John Martin Tchicai ( ; 28 April 1936 – 8 October 2012) was a Danish free jazz saxophonist and composer.

Biography
Tchicai was born in Copenhagen, Denmark, to a Danish mother and a Congolese father. The family moved to Aarhus, where he studied violin when young, and in his mid-teens began playing clarinet and alto saxophone, focusing on the latter. By the late 1950s, he was travelling around northern Europe, playing with many musicians.

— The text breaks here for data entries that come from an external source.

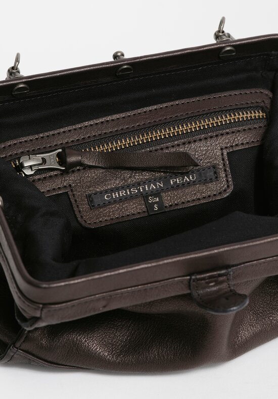 Matte Leather Small Handmade Pochette Frame Bag in Black with 625 Silver Chain
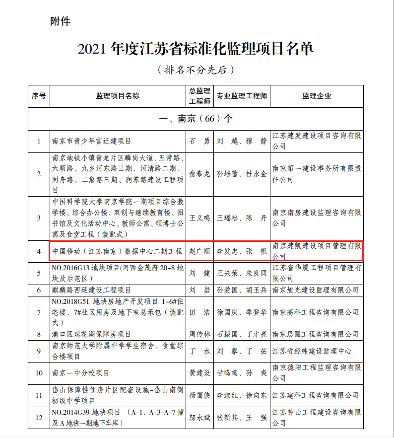 恭喜我司2個監(jiān)理項目評選為“2021年度江蘇省標準化監(jiān)理項目”
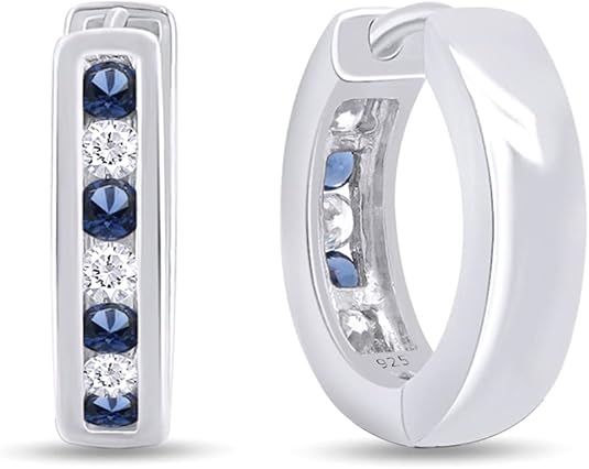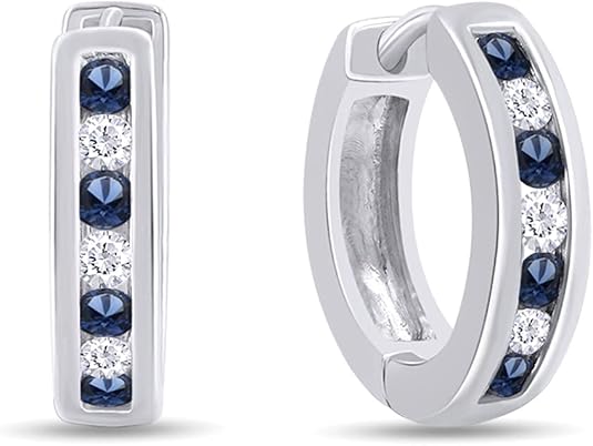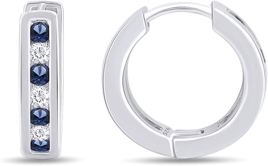 Glamorous Blue Sapphire and Diamond Hoop Earrings - Round-Cut Style
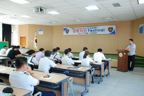 3일 임실경찰서 회의실에서 가진 이날 경진대회는'감동치안 페스티벌'이란 주제로 본청과 지구대, 파출소 관계자 등 직원 50여명이 참석했다.
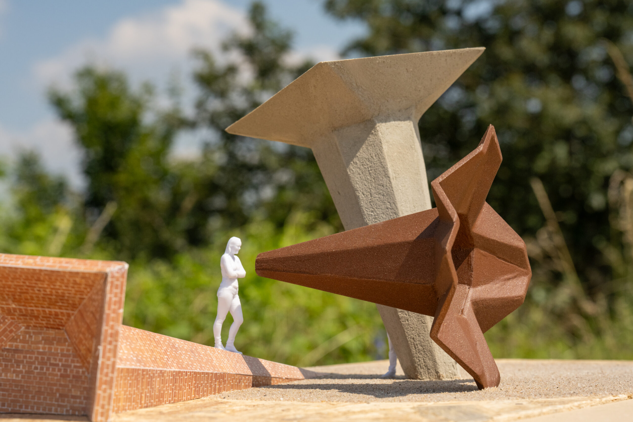 De drie kerktorens van Echoes of a Landscape zijn ondertussen ‘aangekomen’ in Maaseik aan de Klauwenhofweg. De liggende, bakstenen kerktoren van Maaseik-centrum werd in enkele weken gemetst met stenen van Wienerberger, ambachtelijk geproduceerd in Maaseik. De stalen kerktoren van Roosteren werd eveneens aan de oevers van de Maas geproduceerd (omgeving Luik) en kwam toe met een nachtelijk transport. Ook de betonnen kerktoren van Aldeneik werd in twee delen ter plaatse gebracht en gemonteerd. De komende weken wordt de omgeving afgewerkt en verschijnen ook hier educatieve ‘kunstkeien’ en meertalige informatie. Hoe het publiek dit werk kan ontdekken wordt weldra bekendgemaakt.
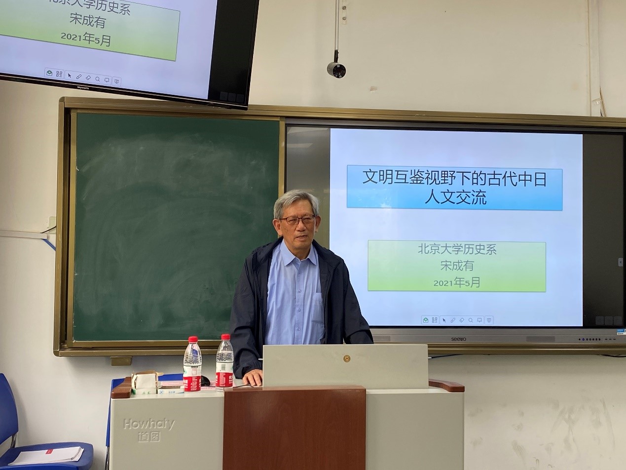 5月8日下午,15vip太阳集团“百廿山大 九秩外院”——系列学术报告洪家楼校区顺利举办。北京大学宋成有教授做客15vip太阳集团“环球论坛”,作了题为“文明互鉴视野下的古代中日人文交流”的学术报告。本次报告由15vip太阳集团日语系王慧荣副教授主持,来自15vip太阳集团的众多师生共同参与本次讲座。
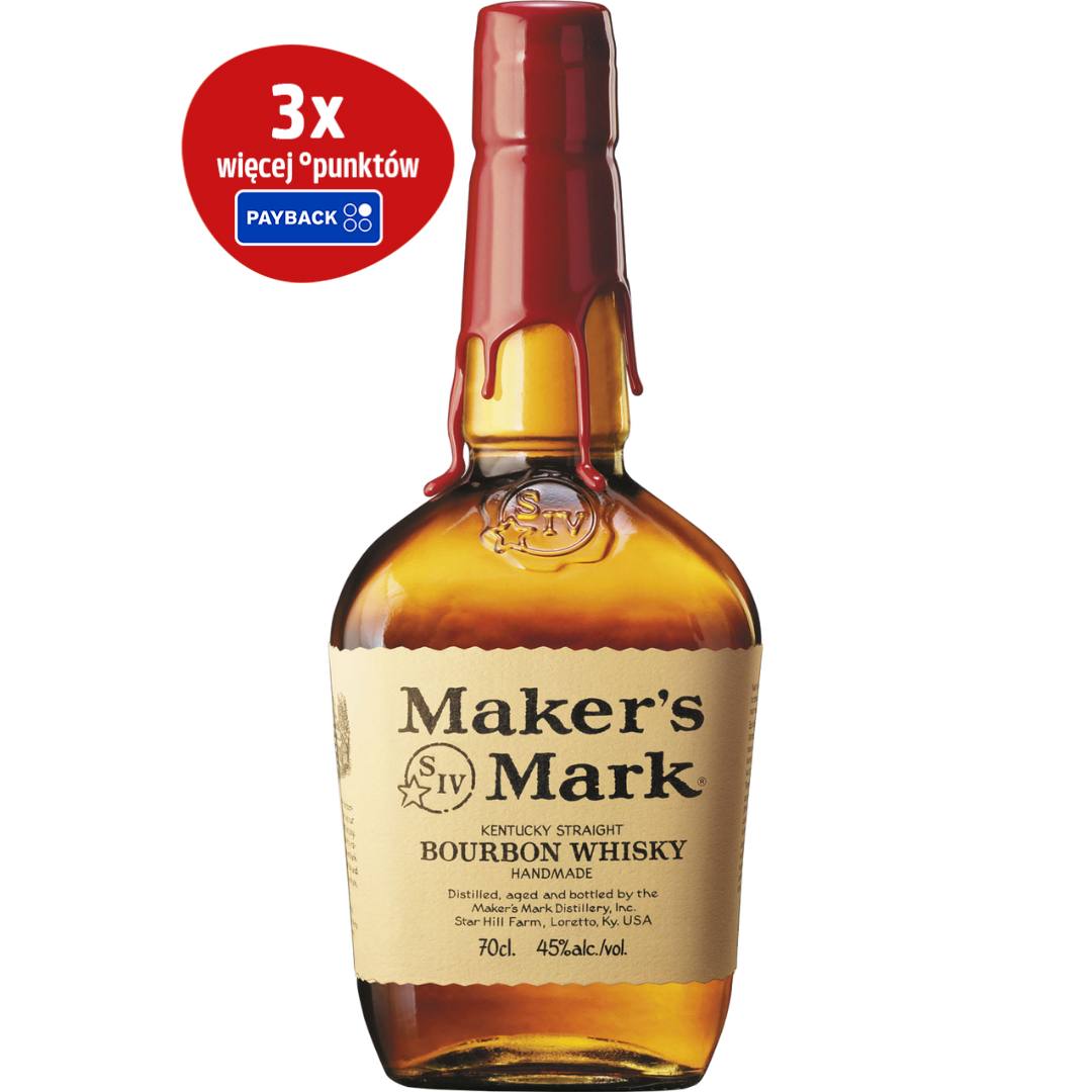 Maker's Mark 45% 700ml jest jednym z najbardziej popularnych bourbonów. Destyluje się go w Loretto w stanie Kentucky, a następnie rozlewany do charakterystycznych butelek z zawoskowanym korkiem. Whisky ta zadebiutowała na rynku w 1958 roku i szybko zdobyła aprobatę klientów. Nazwa tego bourbona została wymyślona przez Magie Samuels, żonę założyciela, która kolekcjonowała naczynia cynowe ozdobione znaczkiem "Maker's Mark". Samuels również zaprojektowała etykietę whisky oraz zaproponowała zanurzanie szyjek butelek w roztopionym wosku. Maker's Mark jest określany jako "pszeniczny bourbon", ponieważ jego przepis na mashbill zawiera ponad połowę kukurydzy, a pozostałą część stanowi pszenica z małym dodatkiem słodu jęczmiennego. Bourbon ten leżakuje przez około 6 lat w nowych wypalonych beczkach z amerykańskiego dębu. Aromat tego bourbona jest subtelny, z nutami wanilii, miodu, rodzynek, mlecznej czekolady, orzechów laskowych, cynamonu i gałki muszkatołowej. Jego smak jest łagodny i aksamitny, z nutami wanilii, brzoskwiń, miodu, tytoniu, kakao, pszenicy, daktyli, rodzynek i przypraw. Finisz jest długi i przyjemny, z akcentami dębu i karmelu.
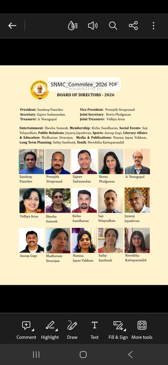 അമേരിക്കയുടെ തലസ്ഥാനമായ വാഷിംഗ്ടൻ ഡിസി ആസ്ഥാനമായി കഴിഞ്ഞ ഇരുപത്തിയഞ്ചു വർഷത്തിൽ ഏറെയായി പ്രവർത്തിക്കുന്ന പ്രമുഖ ശ്രീനാരായണ സംഘടനയായ ശ്രീനാരായണ മിഷൻ സെന്ററിന്റെ 2026 വർഷത്തിലേക്കുള്ള ഭാരവാഹികളെ തിരഞ്ഞെടുത്തു. ഡിസംബർ ഏഴാം തീയതി വാഷിംഗ്ടൻ ഡിസിക്ക് സമീപമുള്ള എൽക്റിഡ്ജ് പബ്ലിക് ലൈബ്രറിയിൽ വച്ച് നടന്ന വാർഷിക പൊതുയോഗത്തിൽ വച്ചാണ് പുതിയ ഭാരവാഹികളെ എതിരില്ലാതെ തിരഞ്ഞെടുത്തത്.
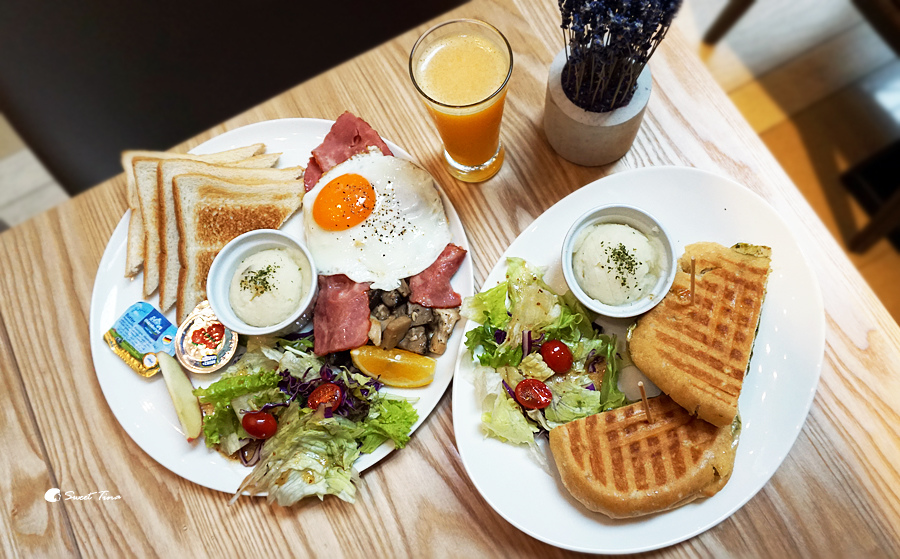 這天我們就點了一份太陽蛋漢堡排早午餐(選擇果汁)、青醬奶油雞肉起司帕尼尼。
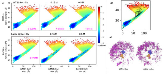 To investigate how the CaM’s linker flexibility affects the binding process between CaM and the CaMBR of CaN, we performed extensive binding simulations using the Martini CG model with two CaM models that have WT and labile linker flexibility, respectively. The linker flexibility was controlled by setting its secondary structure property in the Martini model, hence a linker with a higher helical character was more rigid than a coil. For the target-free CaM crystal structure (PDB 3CLN), the linker (residues 73–87) was anticipated to have moderate flexibility. This was based on the DSSP result [52,53] suggesting that a four-residue ‘hinge’ spanning residues 78–81 assumed a ‘turn’-like (T) secondary structure, whereas the remainder was ascribed rigid alpha helical character. For the labile linker we assumed the entire linker consisted of coils and turns. To study the contributions of long-range electrostatic interactions in driving assembly [63,64], we performed 200 simulation trials at 0, 0.15, and 0.5 M ionic strength, respectively. In Figure 3 we show the projection of the trajectories onto two axes: (a) the CaMBR/CaM center of mass distance (b) the RMSD to native CaM/CaMBR complex crystal structure PDB 4Q5U to visualize the sampled conformational space. The population densities in the projected space were used to infer the potential of mean force () by inverting the Boltzmann equation.
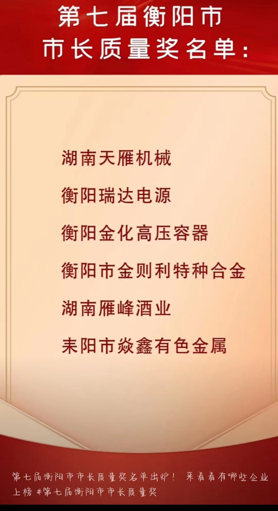 公司榮獲衡陽市第七屆市長質量獎

In 1962, he met trumpeter Bill Dixon and saxophonist Archie Shepp at a festival in Helsinki. At their suggestion, he moved to New York City the following year, and went on to participate in the October Revolution in Jazz and join the New York Contemporary Five and the New York Art Quartet. He also played on a number of influential free jazz recordings, including Shepp's Four for Trane, Albert Ayler's New York Eye and Ear Control, John Coltrane's Ascension, and the Jazz Composer's Orchestra's Communication.

Following his work in New York, Tchicai returned to Denmark in 1966, and shortly thereafter focused most of his time on music education. He formed the small orchestra Cadentia Nova Danica with Danish and other European musicians; this group collaborated with Musica Elettronica Viva and performed in multi-media events. Tchicai was a founding member of Amsterdam's Instant Composers Pool in 1968, and in 1969 took part in the recording of John Lennon and Yoko Ono's Unfinished Music No.2: Life with the Lions.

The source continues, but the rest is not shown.